**PROVIDED MATERIAL:**
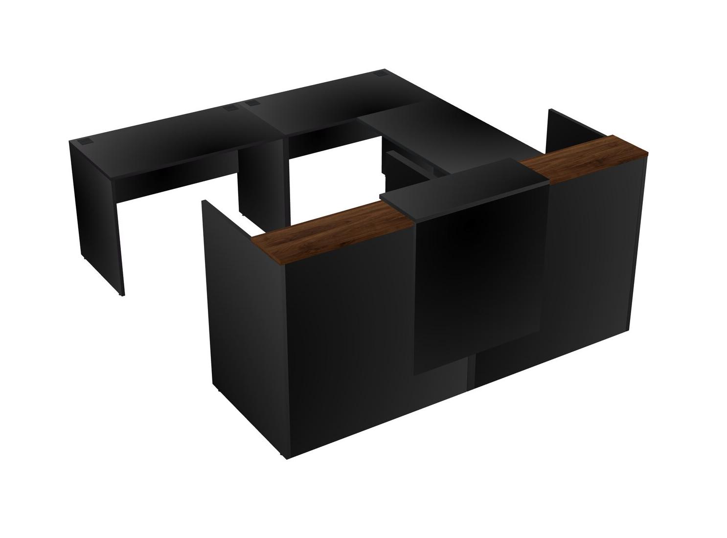 Bureau D'accueil Modulaire Partagé En U Avec Comptoir Flottant Et Tiroirs Mobiles En Bois
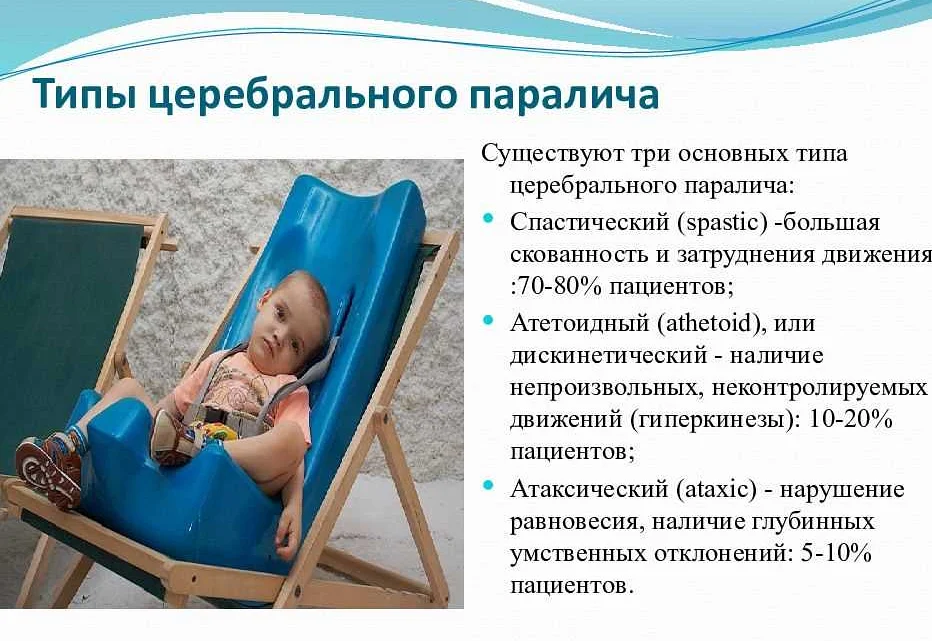 В зависимости от типа поражения анатомических структур центральной нервной системы и от клинической картины выделяют следующие типы детского церебрального паралича:
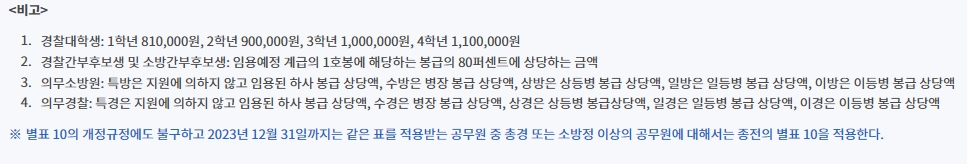 봉급표에는 현직 경찰뿐만 아니라 예비 경찰들에 대한 정보도 담겨있습니다. 경찰대학생의 경우 1학년은 81만원에서 시작해서 학년이 올라갈수록 월급이 올라 4학년이 되면 110만원을 받게 되네요.

**TASK DETAILS:** For this copy, leave pictures out and reproduce the lines from the one bearing "В зависимости от" through the final line of the listing above, both ends included.

**ANSWER TO THIS TASK:**
 В зависимости от типа поражения анатомических структур центральной нервной системы и от клинической картины выделяют следующие типы детского церебрального паралича:
 봉급표에는 현직 경찰뿐만 아니라 예비 경찰들에 대한 정보도 담겨있습니다. 경찰대학생의 경우 1학년은 81만원에서 시작해서 학년이 올라갈수록 월급이 올라 4학년이 되면 110만원을 받게 되네요.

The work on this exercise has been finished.